▶ _Task brief_: Return, exactly and with nothing added, the line with "祭り当日の午前中、普通科3年" together with all lines after it through the end of the data below. No pictures belong in the copy.
== Segment start ==
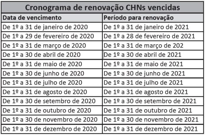 Caso os Detrans não estabeleçam um cronograma específico, a transferência de propriedade de veículo adquirido no período indicado deverá ser efetivada até 31 de dezembro de 2020. Para os veículos novos, adquiridos no período de 19 de fevereiro de 2020 a 30 de novembro de 2020, também valerá a data 31 de janeiro de 2021 para a efetivação do registro e licenciamento.
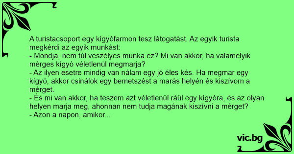 A turistacsoport egy kígyófarmon tesz látogatást. Az egyik turista megkérdi az egyik munkást:
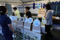 祭り当日の午前中、普通科3年生クリーン班が会場内の美化活動や展示品搬出等の十八夜祭準備を行いました。本校からは、鏡四つ角の学校作品展示会場に学校紹介パネルと各学科の製品を展示しました。
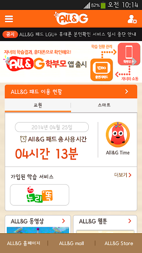 ★ 학부모님들이 자녀의 ALL&G(올앤지) 패드 사용현황을 휴대폰으로 확인하고 제어할 수 있는 앱
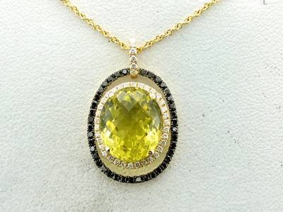 Le Vian Grand Sample Sale Pendant featuring 4 3/4 cts. Lime Quartz™, 1/5 cts. Blackberry Diamonds , 1/6 cts. Vanilla Diamonds set in 14K Yellow Gold
== Segment end ==
▶ _Completed exercise_:
 祭り当日の午前中、普通科3年生クリーン班が会場内の美化活動や展示品搬出等の十八夜祭準備を行いました。本校からは、鏡四つ角の学校作品展示会場に学校紹介パネルと各学科の製品を展示しました。
 ★ 학부모님들이 자녀의 ALL&G(올앤지) 패드 사용현황을 휴대폰으로 확인하고 제어할 수 있는 앱
 Le Vian Grand Sample Sale Pendant featuring 4 3/4 cts. Lime Quartz™, 1/5 cts. Blackberry Diamonds , 1/6 cts. Vanilla Diamonds set in 14K Yellow Gold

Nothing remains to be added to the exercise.